Sisu Axles, Inc.
- Native name: Sisu Akselit Oy
- Company type: osakeyhtiö
- Industry: automotive
- Founded: 1995 as a separate company
- Headquarters: Hämeenlinna, Finland
- Key people: Jouni Teppo (Managing director)
- Products: axles for on- and off-road trucks, terminal tractors and military vehicles
- Revenue: €17,749,000 (2023); €13,560,000 (2022);
- Operating income: ▲€2,547,000 (2023); €1,898,000 (2022);
- Number of employees: ▲40 (2023); 37 (2022);
- Parent: Marmon Group
- Website: sisuaxles.com

= Sisu Axles =

Sisu Axles, Inc. (Sisu Akselit Oy) is a producer of heavy vehicle axles in Hämeenlinna, Finland.

The company's main markets are in heavy truck, terminal tractor and military vehicle axles; the driven axles are exclusively with planetary reduction. Sisu Axles was started when Suomen Autoteollisuus, later Sisu Auto, started their own axle production in Helsinki in 1940s. The production was later transferred to Hämeenlinna and sold to investors. The current owner is American Marmon Group.

== The company ==
Sisu Axles is specialised on highly customised heavy vehicle axles in niché markets. The axles are designated to be used in rough conditions.
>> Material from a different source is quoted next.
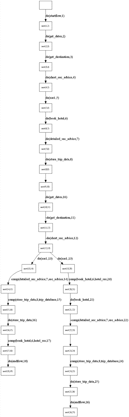 The input to our example WF is a trip database, provided by the activity STARTFLOW which initializes also all other WF objects. An employee inputs trip data and a security agent immediately performs the activity short security advice returning standard security advice. Since the trip takes longer than a day, a hotel is booked and detailed security advice is generated. Then, the trip database is updated. Let us assume an exception is thrown after the trip data was stored (before ENDFLOW is executed) and a diagnosis indicates that the activity get dates is transiently faulty. The repair plan generated by our repair system for this case can be represented as following (click to enlarge): ![]() This plans the sequence of repair actions which must be applied to the faulty work flow. Time points 1 to 9 represent the original work flow execution. Which means that at the time point 9 a fault was detected and diagnosed. The repair begins at the time moment 10. Activity get_dates can be simply redone, because it does not read any object and was not blamed by the diagnoser as a permanently faulty activity. The repair plan shows that at time moments 11 and 12 there is no need to redo activities get_destination and short_sec_advice - they were executed correctly and do not depend (by any data dependency) on any faulty activity or data produced by a faulty or a faulty executed activity. So, such objects as destination and security_advice can be simply reused. The XOR choosing block used the state of the object destination which was produced by a faulty activity. Which means that now this XOR split must be redone. It is possible because the new correct state of the object duration was obtained at the time moment 10. Redoing the XOR choosing block at the time point 13 results in the branching within the repair plan. Time points 14 till 18 correspond to the case when duration is lower that 1 day, and time points 20 till 26 correspond to the case when duration of the trip is greather than 1 day (and according to the work flow definition the hotel must be booked and the new detailed security advice obtained). In the case when the trip will take not longer than a day, no hotel is needed and no detailed security advice must be obtained. But during the original work flow execution it was already done. That's why at time points 14, 15 and 17 these actions have to be compensated (which means to cancel the hotel reservation, delete the information about the security advice and restore the trip data). The data about the trip must be restored at the time point 17 in order to make the redoing of the store_trip_data activity possible - this activity reads and affects the trip_database which was incorrectly chaged during the original work flow execution at time moment 8. In the case when the trip will take longer than a day, the hotel reservation must be done and detailed security advice must be obtained. These actions were originally done during the original work flow execution. But not all of them can be reused: the hotel was booked using the incorrect information about the duration of the trip. That's why this booking has to be canceled at the time point 20 and the new booking performed at time point 21. But for obtaining the detailed security advice only destination and the short security advice were used. They both were not infected according to the data dependencies within the work flow. That's why there is no need to compensate detailed_sec_advice at time point 22. The data about the trip must be retored because of the same reasons as it was done at time point 17. As we see, executing this repair plan will eliminate several redundant repair actions (at time points 11,12,22 and 23) and will guarantee that at the end of the work flow execution (in both cases of the XOR split) all objects will have correct states. |

The company produces and supplies axles and components for heavy-duty vehicle producers in Finland and other countries. After market services include customer support, advisory and spare parts. The factory is equipped with laboratory for testing of axles at load for engineering purposes.

== Products ==
Sisu Axles' core business are planetary reduction axles but also non-driven steering axles are produced. Both the front and rear axles are for single and multi axle applications. The main segments are heavy-duty trucks for on- and off-road use and also industrial and military applications.

=== Heavy duty truck axles ===
The driven truck axles are with planetary reduction, single axle capacity being 10–14 tonnes for steering and 10–20.5 tonnes for non-steering axles; the tandem configurations for the steering axles are rated to 20–28 tonnes and non-steering 20–41 tonnes. The non-steering axles are also available as tridem configurations with 39–61.5 tonnes. The capacities of steering, non driven axles are between 8 and 12 tonnes. Some non-driven, non-steering axles with a capacity of 13 tonnes are also in the selection. The non-steering axles are with S-cam drum brakes, whereas some of the steering axles are equipped with disc or wedge brakes.

=== Container handling equipment axles ===
The driven axles for the container handling equipment are with planetary reduction. The single non-steering axle capacity is 30–32 tonnes; the tandem applications are rated to 26–41 tonnes. The driven steering axles are with 12–18 tonnes capacity and the non-driven option is only available with 10 tonnes capacity. S-cam and disc brakes are applied on both steering and non-steering axles, the heavier steering driven option being fitted with wedge brakes.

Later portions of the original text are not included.